_Goal of the exercise_. All lines from the one containing "2. 中英译文同步:有声对照翻译,辅助理解句子和文章含义。" through the last line of the listing should be given again exactly, with no pictures.

_Collected material_.
::::::::::
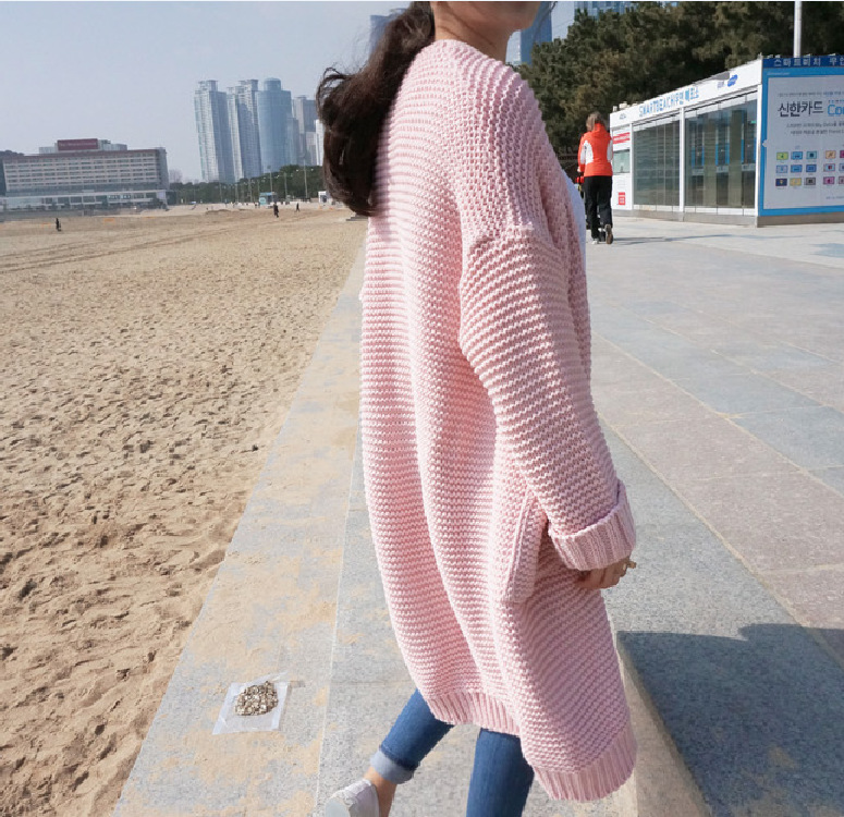 秋冬女裝 韓版寬松 針織衫毛衣外套中長款 長袖 開衫 /
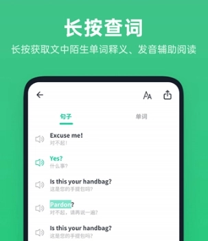 2. 中英译文同步:有声对照翻译,辅助理解句子和文章含义。
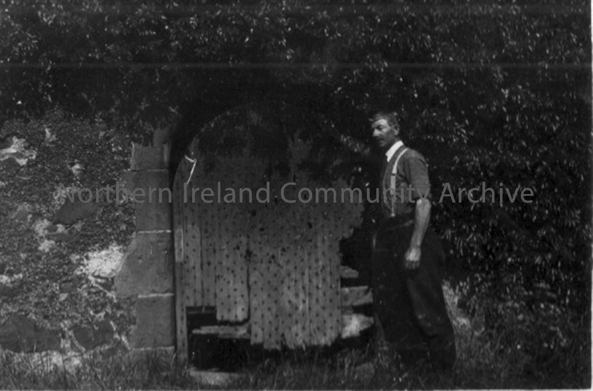 Davey McBride, caretaker of old church tower, Ballymoney. Davey was also the caretaker of the new cemetery on Market Street and lives in the house on right entering the cemetery.
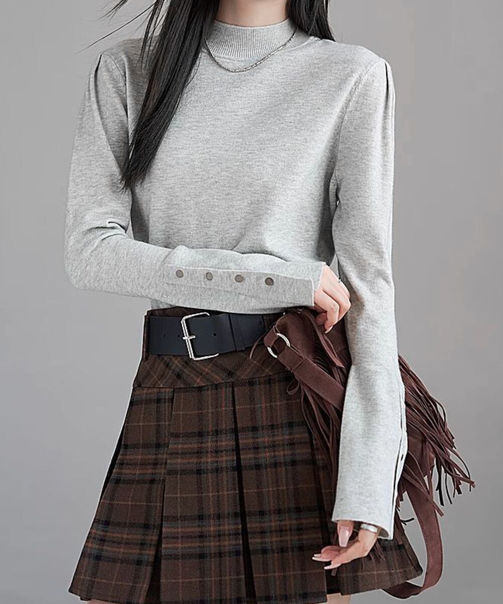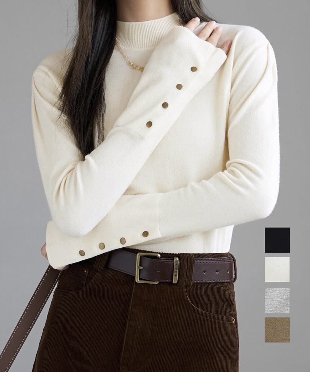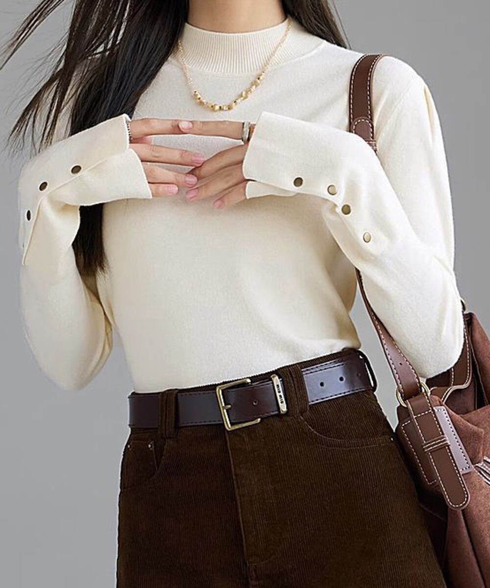 ニットトップス 長袖 ハイネック 重ね着
::::::::::
_Response to the task_.
 2. 中英译文同步:有声对照翻译,辅助理解句子和文章含义。
 Davey McBride, caretaker of old church tower, Ballymoney. Davey was also the caretaker of the new cemetery on Market Street and lives in the house on right entering the cemetery.
 ニットトップス 長袖 ハイネック 重ね着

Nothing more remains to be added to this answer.